Treasury gave the GSEs a blank check for Christmas. Clients will recall that, throughout the year, we have advised that the $400 billion backstop put in place by the Bush and Obama Administrations wouldn’t be enough, especially in light of the FASB consolidation rules. Treasury’s release makes clear that these are among the major reasons a new, unlimited commitment was provided. With it, the GSEs are insulated from any receivership Treasury doesn’t initiate to restructure them, allowing the GSEs to play any role Treasury demands in the mortgage market and the economy more generally. Clients will recall that the GSEs’ charters bind them only with regard to the mortgages they purchase, not non-mortgage loans they can make or other activities in which they may engage. 

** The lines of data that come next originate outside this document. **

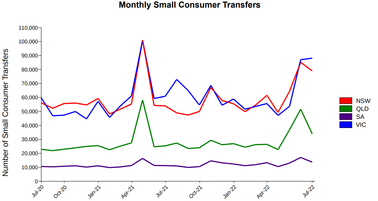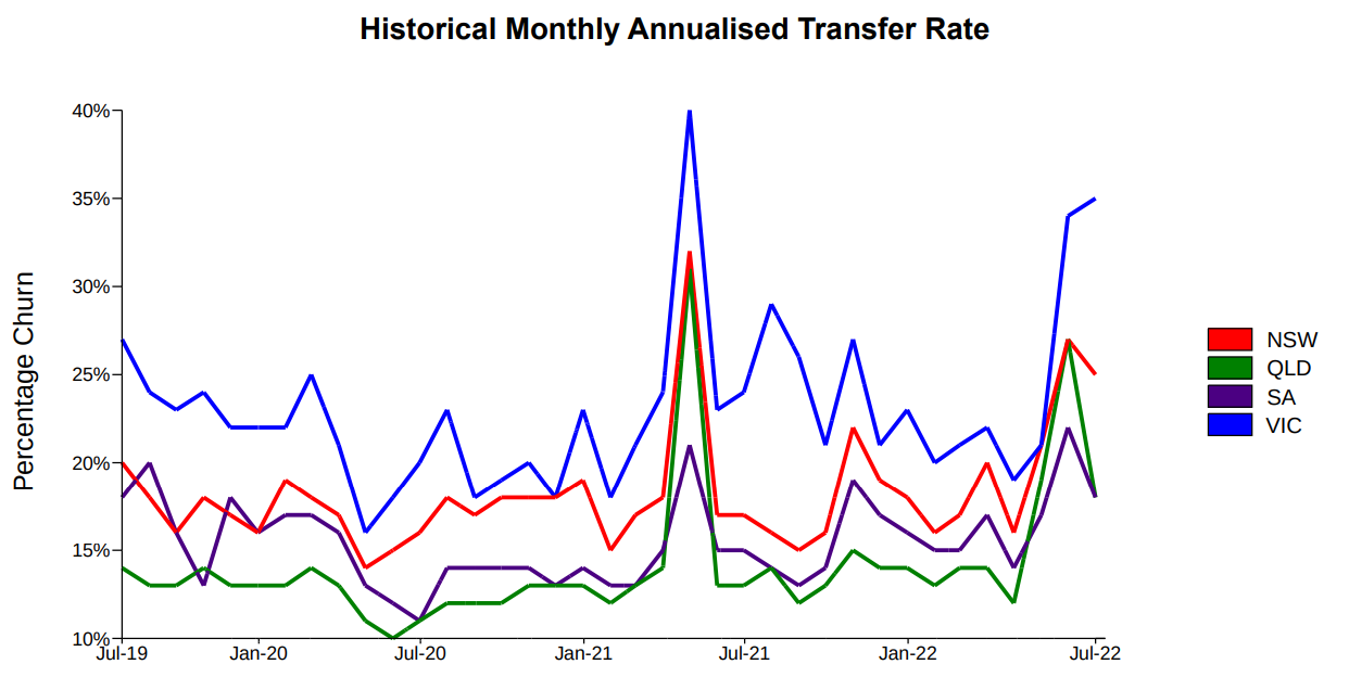 On an annualised percentage churn basis, Victoria would see 35% of the entire market switch providers if this current monthly switch rate were maintained for a year, well above the other states.
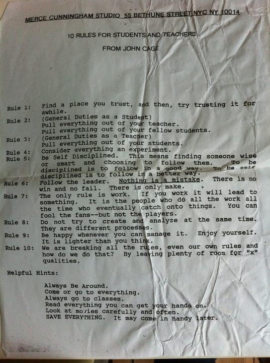 Jim Groom recently posted this great list of suggestions for students and teachers from John Cage. Jim says,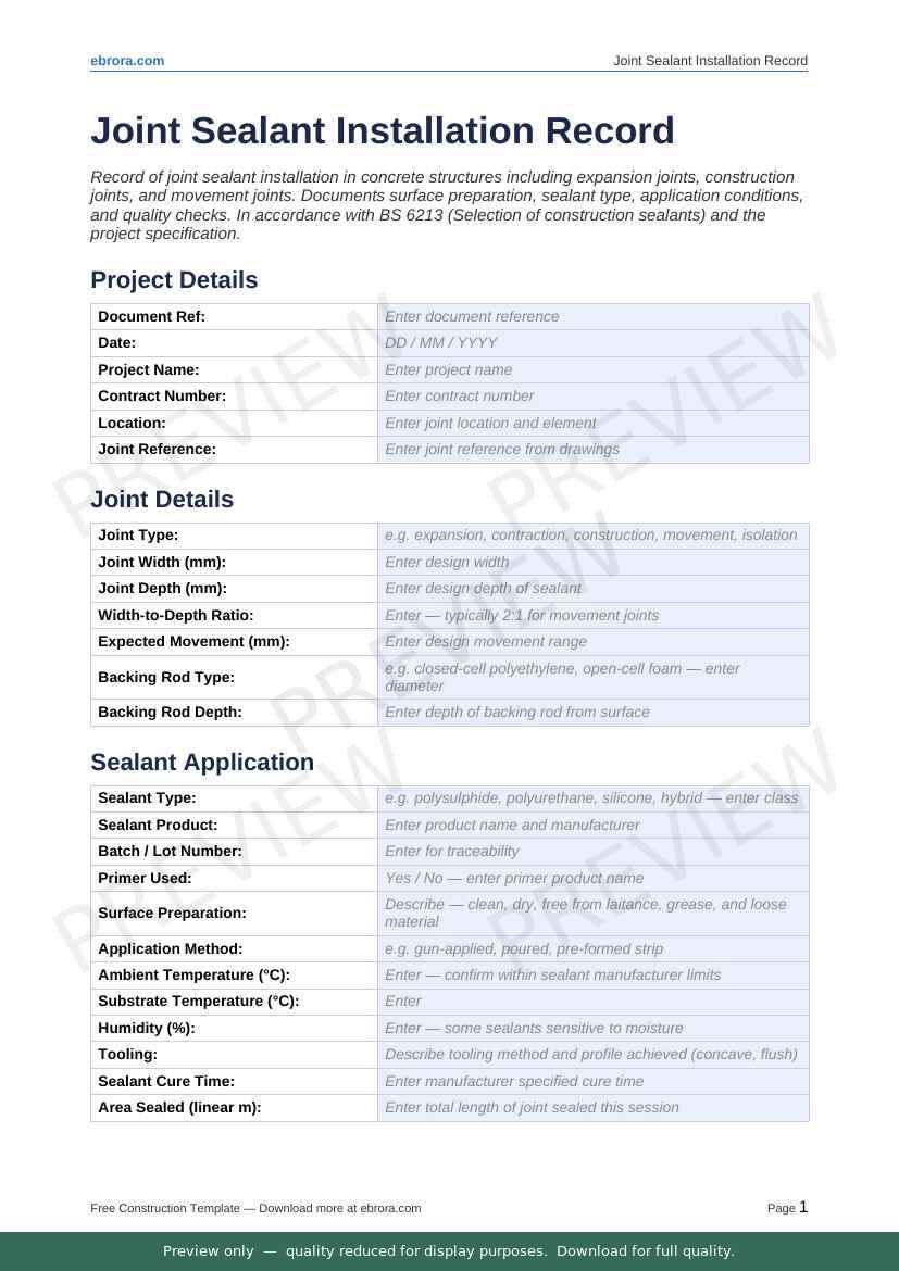 Free Word template: Joint Sealant Installation Record. Download for UK construction sites.

Our analysis of key provisions in Treasury’s new agreement is as follows: 

  • There is no limit on how much Treasury will commit to Fannie and Freddie over the next three years, despite background briefings in which Treasury says it doesn’t expect to spend more than $175 billion. We think this number is low due to the FASB consolidation rules – recall that about $3 trillion goes on the books as of now, creating a very deep net-worth hole into which Treasury has now pledged to commit as much taxpayer dollars as necessary.
  • Fannie and Freddie will pay nothing for any of the $111 billion drawn down from Treasury to date and they could pay very, very little for any funding to come. The agreement revises the very steep dividend that would otherwise have kicked in next year, absolving the GSEs of any obligation related to funds received to date and making any new dividend unspecified and ineffective until 2011 or any other date Treasury accepts.
  • The GSEs can bulk up a bit. Again, Treasury will provide whatever support is necessary to keep the GSEs above negative net worth. The initial $900 billion limit remains, but it can be gradually reduced going forward instead of sharply cut as initially required. This makes Fannie and Freddie a handy place to put whatever assets Treasury may want them to hold, as well as ensuring that the GSEs can continue to absorb mortgage purchases even if the FRB, as anticipated, stops buying MBS after March 31, 2010.

In essence, this is a conservatorship not for common shareholders – the usualunderstanding of the concept – but rather for public-policy purposes. Treasury and FHFA have agreed to support whatever activities they demand of the GSEs, as well as ensure that no accounting rule, credit loss or other untoward event challenges the GSEs’ ongoing ability to do what they are told. Because Treasury’s commitment stands regardless of the GSEs’ status – even including receivership or bankruptcy – nothing stays the Administration’s hand in turning them into anything it wants. 


So, what might that be? In its statement, Treasury has delayed the Administration GSE plan the President promised would accompany the FY11 budget. Now, we are told only a “preliminary” plan will come “around the time” of the budget. So, for now, the GSEs are what they are – whatever that is. Will Congress let this stand? We think so. Sen. Shelby almost surely knew of thisagreement when he signed a joint statement last week with Sen. Dodd omitting GSE reform from the Senate Banking to-do list. Of course, he can’t speak for other GOP Members in both Houses who want GSE reform now, but he is in the driver’s seat as to whether they get it. Treasury has made inaction now a bit easier by failing to put a total on its GSE backstop. Had it put a number — say $1 trillion — on the table, deficit hawks of all feather would have flocked to decry the support. Without a number, they can squawk, but it’s harder to size Treasury’s commitment and – most important – put it in play when the debt ceiling comes up next month for tough going over. In our next analysis, we’ll consider the impact Treasury’s action has on the shape of GSEs to come.